Records supplied Block Start

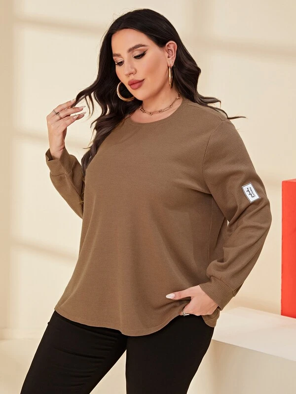 SHEIN Mulvari Plus Letter Patched Detail Tee
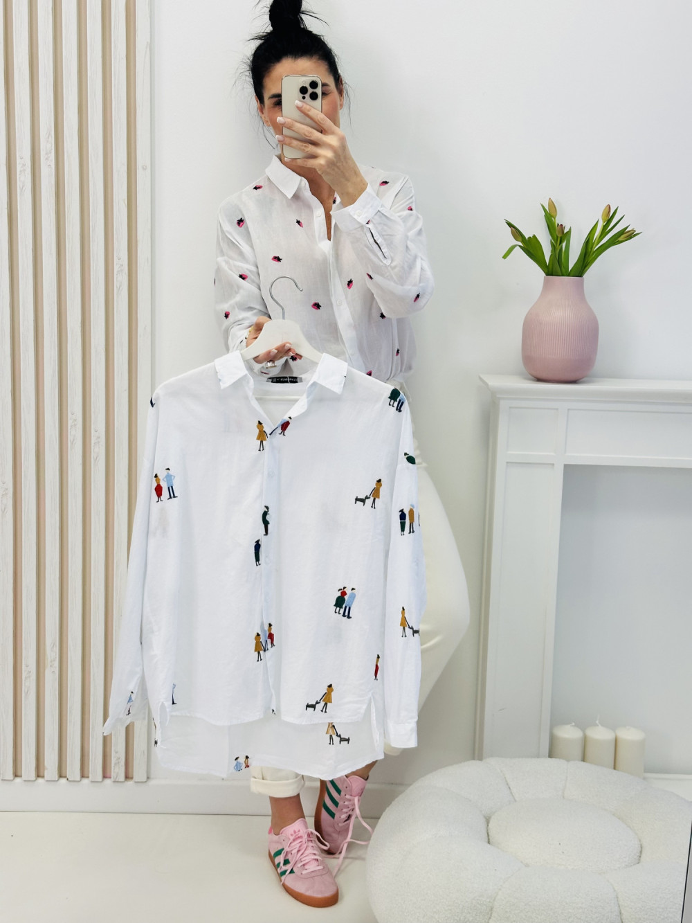 Biała koszula z długim rękawem, zapinana na guziki, to klasyka w wyjątkowo uroczym wydaniu. Małe, subtelne aplikacje rozmieszczone na materiale dodają jej lekkości i dziewczęcego charakteru. Elegancki fason w połączeniu z delikatnymi detalami sprawia, że koszula doskonale sprawdzi się zarówno w codziennych, jak i bardziej stylowych stylizacjach.
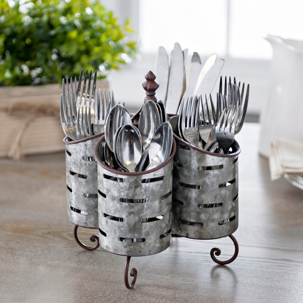 Galvanized Metal Cutlery Caddy Cutlery Caddy Utensil Caddy
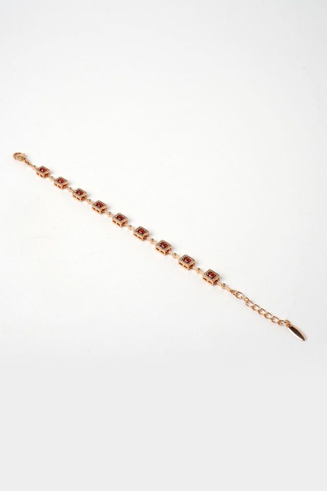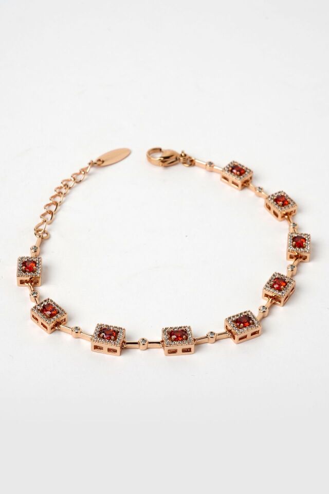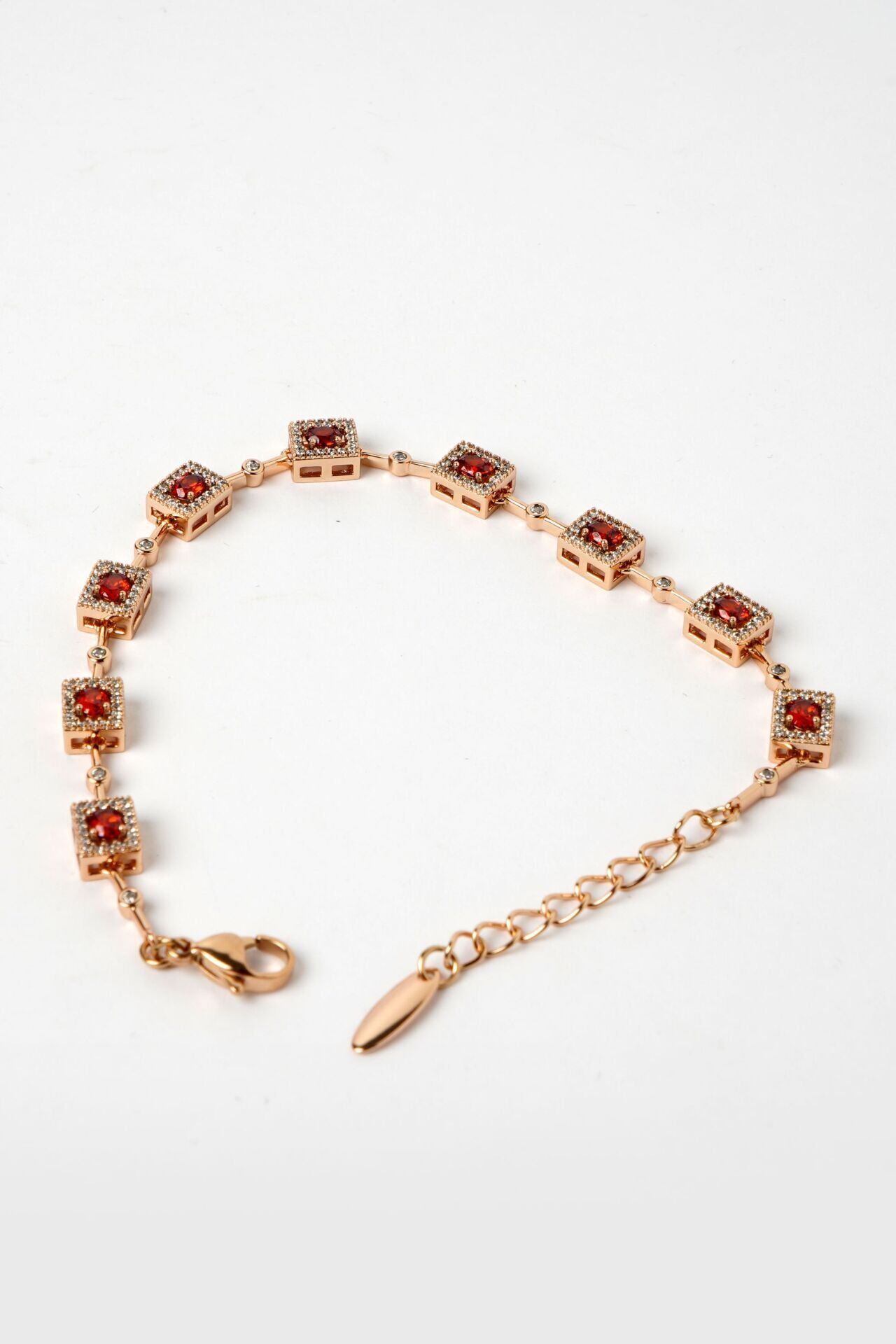Neesa VIP Kare Zirkon Taşlı Gold Bileklik 21,5 cmLacivert Kırmızı
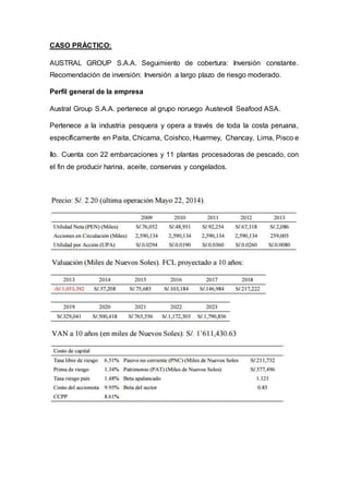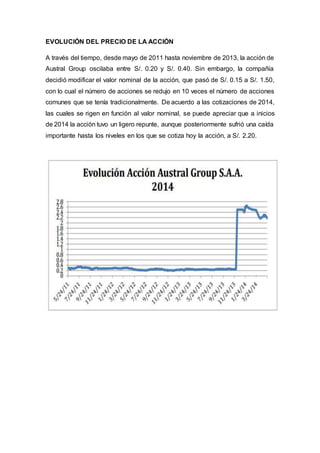 Austral Group S.A.A. es una empresa pesquera peruana que opera a lo largo de la costa peruana con 22 embarcaciones y 11 plantas procesadoras. Aunque el precio de su acción ha fluctuado entre S/. 0.20 y S/. 2.20, se recomienda invertir a largo plazo debido a que el valor actual por acción de S/. 8.18 es mucho mayor que el precio de mercado actual de S/. 2.20. Sin embargo, la volatilidad de los precios internacionales de la harina y el aceite de pescado,
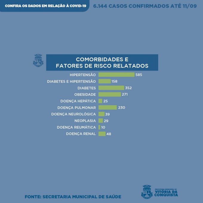 Os pacientes relataram uma ou mais comorbidades – quando há duas ou mais doenças preexistentes – ou fatores de risco para a Covid-19: Hipertensão (585), Diabetes e Hipertensão (158), Diabetes (352), Obesidade (271), Doença Hepática (25), Doença Pulmonar (230), Doença Neurológica (39), Neoplasia (29), Doença Reumática (10) e Doença Renal (48).
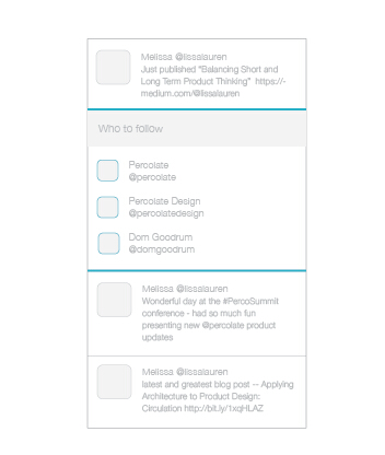 在Twitter的APP中,推文和推文保持著相同的樣式,均勻的節(jié)奏,但是其中的“推薦用戶”一項(xiàng)有著不同的樣式,它插入到推文列表中,打破了整個(gè)信息流的節(jié)奏,凸顯出不同的層級(jí),會(huì)很快抓住你的注意力。
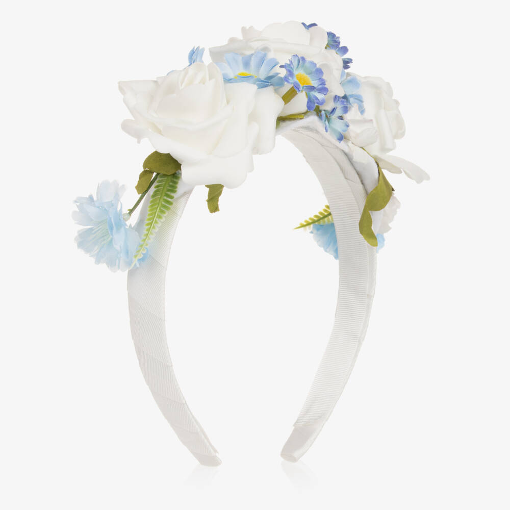 Sweet and charming, this white and blue hairband for girls is by Piccola Speranza. For a delightfully feminine look, it has rose and flower embellishments across the top in the style of a flower crown. A beautiful way to keep hair out of the face, the comfortable flexible band is covered with smooth grosgrain ribbon.
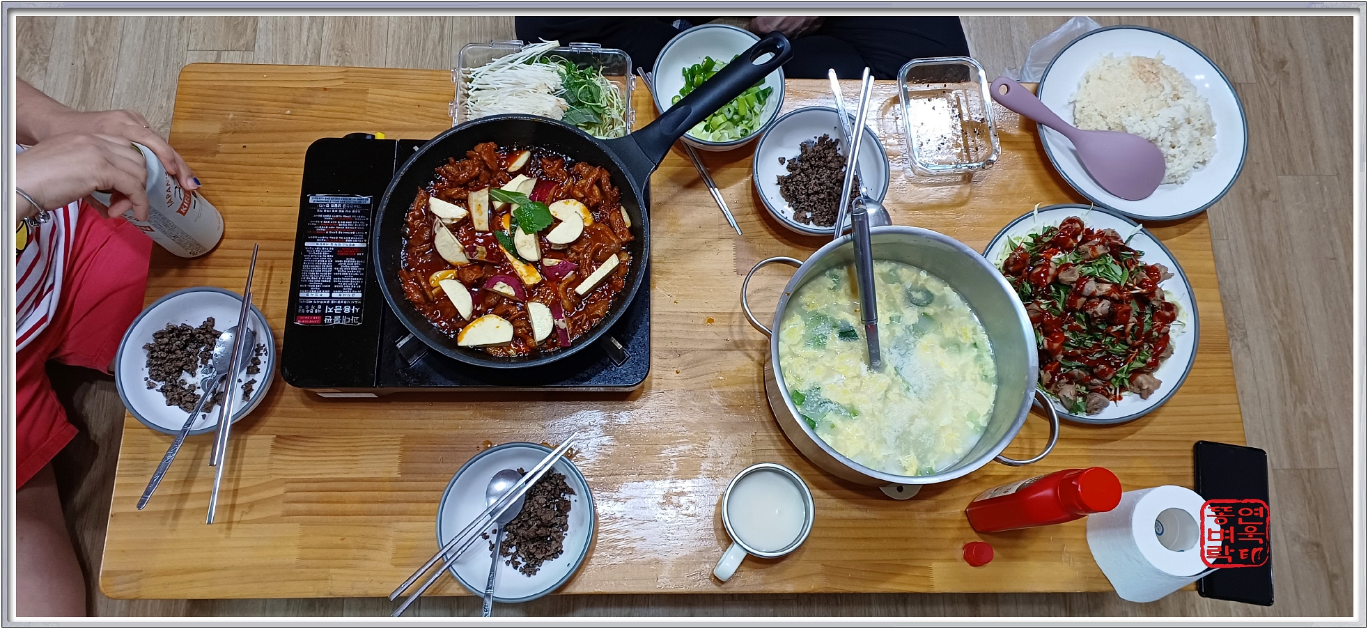 ↑ 오리주물럭과 떡국을 먹으며 오늘을 마무리한다.
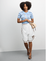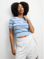 Elevate your casual wardrobe with The FIX Women's Blue Striped Johnny Collar Top. Made from a comfortable viscose blend, this stylish top features a unique striped design and a Johnny collar for a chic look. Perfect for everyday wear.
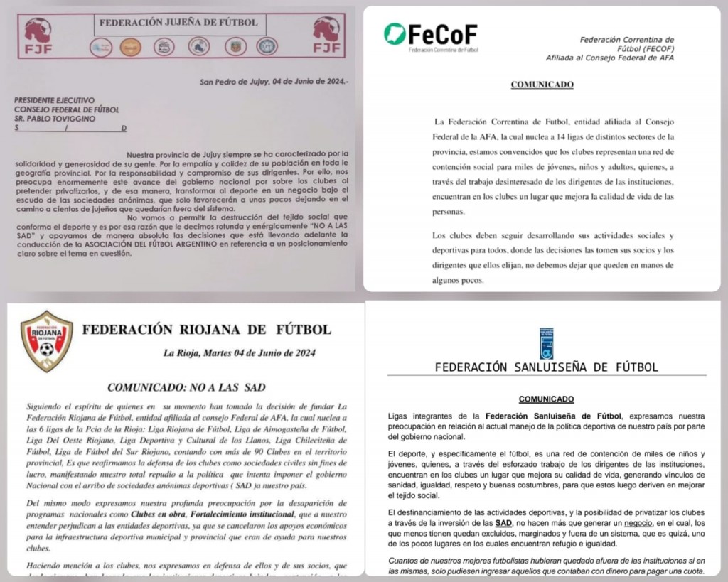 La Federación Correntina de Fútbol y sus 14 Ligas, la Federación Riojana y sus 6 Ligas, La Federación Sanluiseña y sus 4 Ligas y la Fed. Jujeña y sus 6 Ligas manifestaron mediante sendas notas el rechazó a las Sociedades Anónimas Deportivas (SAD).
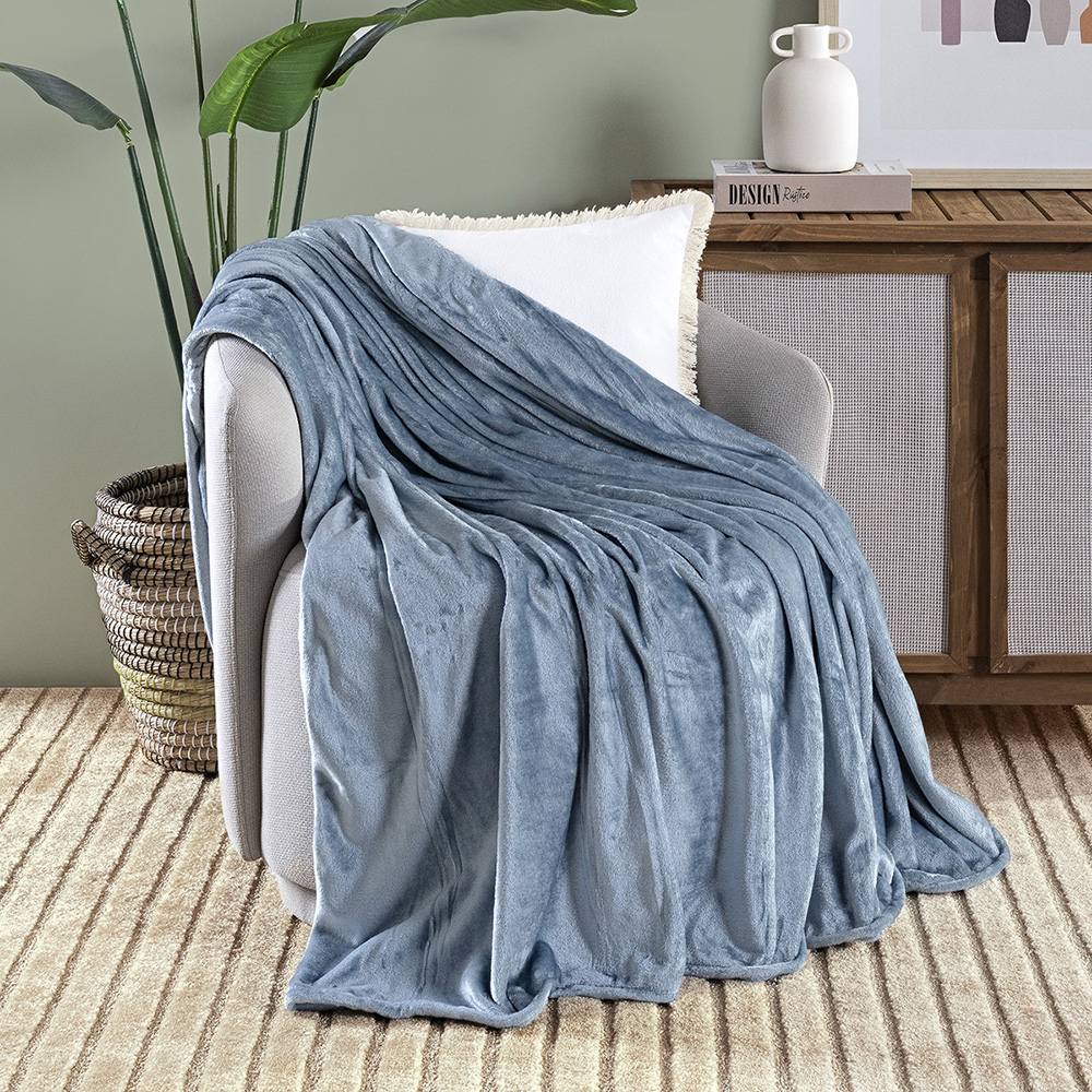 Cobertor Ultrasoft Queen 01 Peça Manta Flannel Plush Toque de Seda Sibéria - Azure
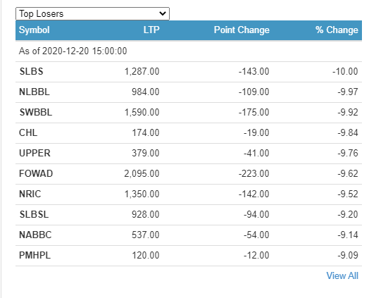 आज सबैभन्दा धेरै सुर्यादय लघुवित्तका लगानीकर्ताले १० प्रतिशतका दरले गुमाएका छन् । त्यस्तै, नेरुडे लघुवित्त, स्वाबलम्बन लघुवित्त, छ्याङदी हाइड्रोपावर, अपर तामाकोशी लगायतका लगानीकर्ताले गुमाएका छन् ।

Records supplied Block End

**Problem requirements**
From the first line to the last, output the data exactly, without the pictures.

**Written response**
 SHEIN Mulvari Plus Letter Patched Detail Tee
 Biała koszula z długim rękawem, zapinana na guziki, to klasyka w wyjątkowo uroczym wydaniu. Małe, subtelne aplikacje rozmieszczone na materiale dodają jej lekkości i dziewczęcego charakteru. Elegancki fason w połączeniu z delikatnymi detalami sprawia, że koszula doskonale sprawdzi się zarówno w codziennych, jak i bardziej stylowych stylizacjach.
 Galvanized Metal Cutlery Caddy Cutlery Caddy Utensil Caddy
Neesa VIP Kare Zirkon Taşlı Gold Bileklik 21,5 cmLacivert Kırmızı
 Austral Group S.A.A. es una empresa pesquera peruana que opera a lo largo de la costa peruana con 22 embarcaciones y 11 plantas procesadoras. Aunque el precio de su acción ha fluctuado entre S/. 0.20 y S/. 2.20, se recomienda invertir a largo plazo debido a que el valor actual por acción de S/. 8.18 es mucho mayor que el precio de mercado actual de S/. 2.20. Sin embargo, la volatilidad de los precios internacionales de la harina y el aceite de pescado,
 Os pacientes relataram uma ou mais comorbidades – quando há duas ou mais doenças preexistentes – ou fatores de risco para a Covid-19: Hipertensão (585), Diabetes e Hipertensão (158), Diabetes (352), Obesidade (271), Doença Hepática (25), Doença Pulmonar (230), Doença Neurológica (39), Neoplasia (29), Doença Reumática (10) e Doença Renal (48).
 在Twitter的APP中,推文和推文保持著相同的樣式,均勻的節(jié)奏,但是其中的“推薦用戶”一項(xiàng)有著不同的樣式,它插入到推文列表中,打破了整個(gè)信息流的節(jié)奏,凸顯出不同的層級(jí),會(huì)很快抓住你的注意力。
 Sweet and charming, this white and blue hairband for girls is by Piccola Speranza. For a delightfully feminine look, it has rose and flower embellishments across the top in the style of a flower crown. A beautiful way to keep hair out of the face, the comfortable flexible band is covered with smooth grosgrain ribbon.
 ↑ 오리주물럭과 떡국을 먹으며 오늘을 마무리한다.
 Elevate your casual wardrobe with The FIX Women's Blue Striped Johnny Collar Top. Made from a comfortable viscose blend, this stylish top features a unique striped design and a Johnny collar for a chic look. Perfect for everyday wear.
 La Federación Correntina de Fútbol y sus 14 Ligas, la Federación Riojana y sus 6 Ligas, La Federación Sanluiseña y sus 4 Ligas y la Fed. Jujeña y sus 6 Ligas manifestaron mediante sendas notas el rechazó a las Sociedades Anónimas Deportivas (SAD).
 Cobertor Ultrasoft Queen 01 Peça Manta Flannel Plush Toque de Seda Sibéria - Azure
 आज सबैभन्दा धेरै सुर्यादय लघुवित्तका लगानीकर्ताले १० प्रतिशतका दरले गुमाएका छन् । त्यस्तै, नेरुडे लघुवित्त, स्वाबलम्बन लघुवित्त, छ्याङदी हाइड्रोपावर, अपर तामाकोशी लगायतका लगानीकर्ताले गुमाएका छन् ।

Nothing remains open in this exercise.